## WHAT IS EXPECTED
The pictures in the data below are to be omitted; all else must be duplicated exactly.

## COLLECTED DATA

########################################

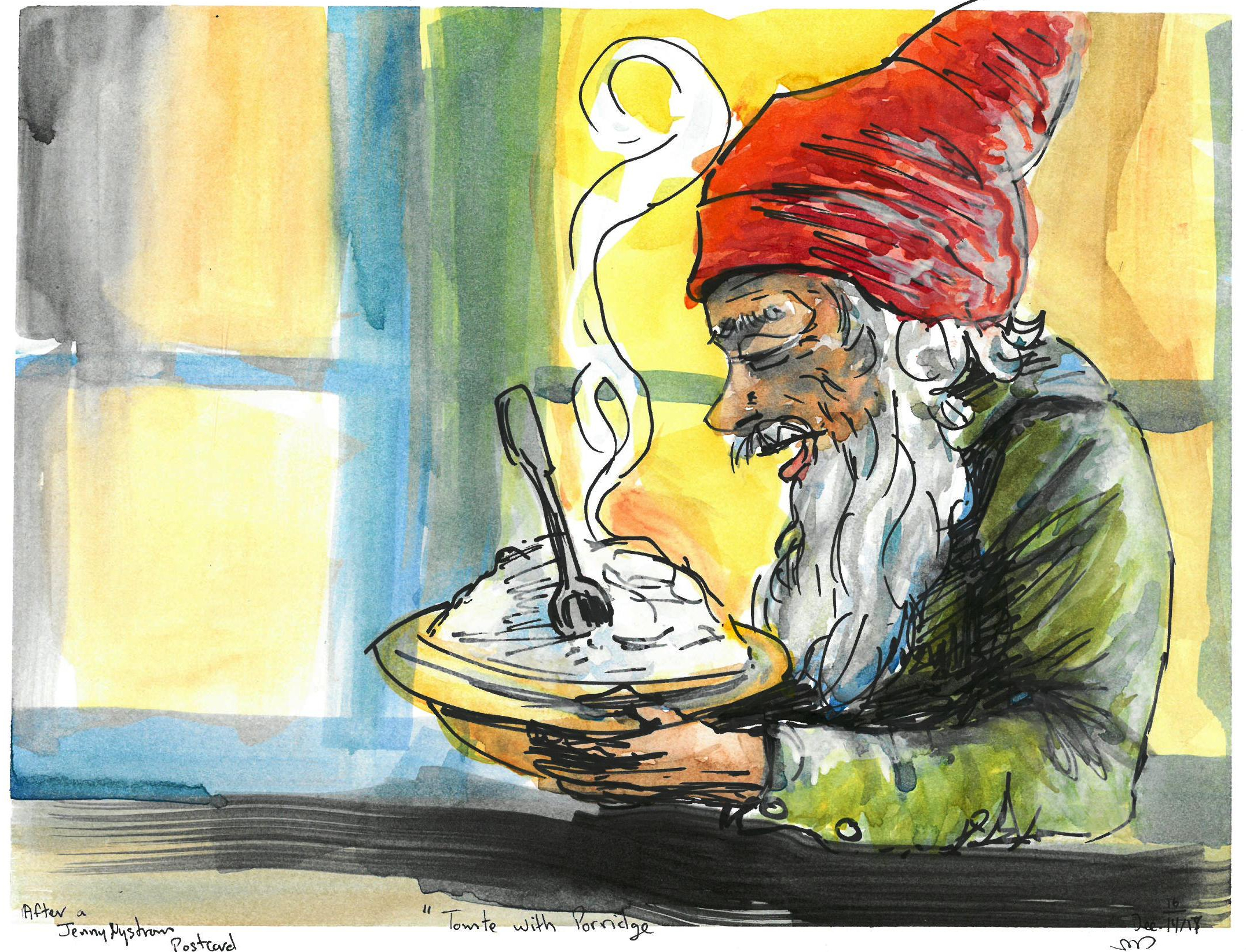 In early December 2016, Tomtens invaded the house. Not literally; there were no small gnome-like creatures running amok in the days leading up to Christmas, but we did become fascinated with the little people. My youngest, who has always been a huge fan of Astrid Lindgren and Harald Wiberg’s book The Tomten, asked if we could leave out a bowl of porridge with butter for our house Tomten (a test to see if we did indeed have one in the house) and sure enough most of the porridge was eaten!
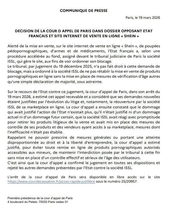 最近跨境电商圈出了个大新闻,3月19号法国巴黎上诉法院给出终审裁决,直接把法国政府告希音的案子给驳回了,除了保留未成年人年龄验证的禁令,政府要求全面封锁希音(Shein)
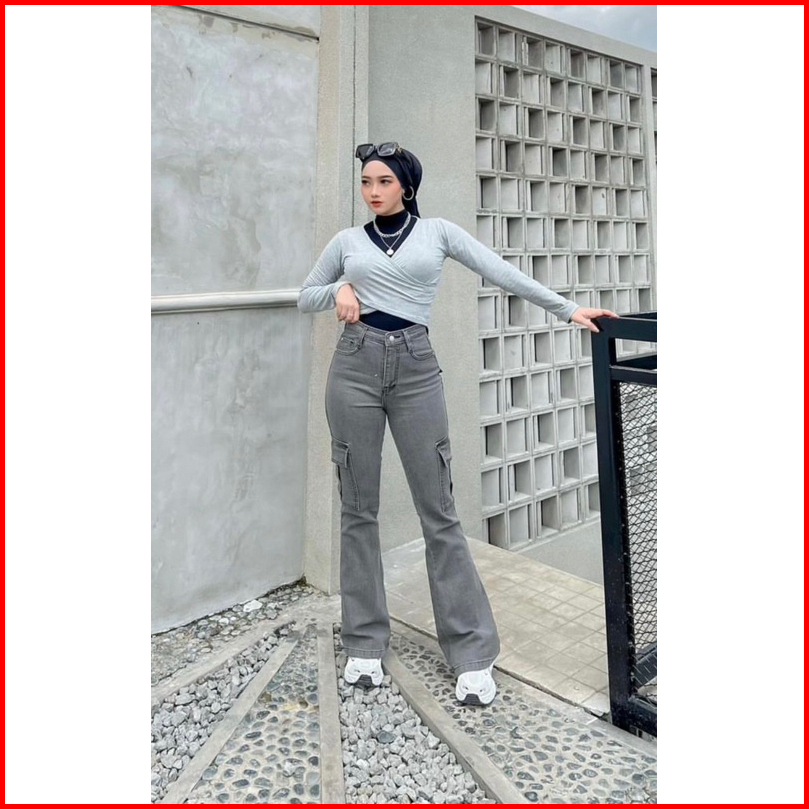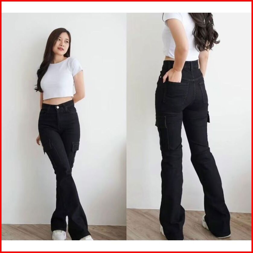 Celana Jeans Cutbray Cargo Highwaist Premium By Symone.co

########################################

## REPLY
 In early December 2016, Tomtens invaded the house. Not literally; there were no small gnome-like creatures running amok in the days leading up to Christmas, but we did become fascinated with the little people. My youngest, who has always been a huge fan of Astrid Lindgren and Harald Wiberg’s book The Tomten, asked if we could leave out a bowl of porridge with butter for our house Tomten (a test to see if we did indeed have one in the house) and sure enough most of the porridge was eaten!
 最近跨境电商圈出了个大新闻,3月19号法国巴黎上诉法院给出终审裁决,直接把法国政府告希音的案子给驳回了,除了保留未成年人年龄验证的禁令,政府要求全面封锁希音(Shein)
 Celana Jeans Cutbray Cargo Highwaist Premium By Symone.co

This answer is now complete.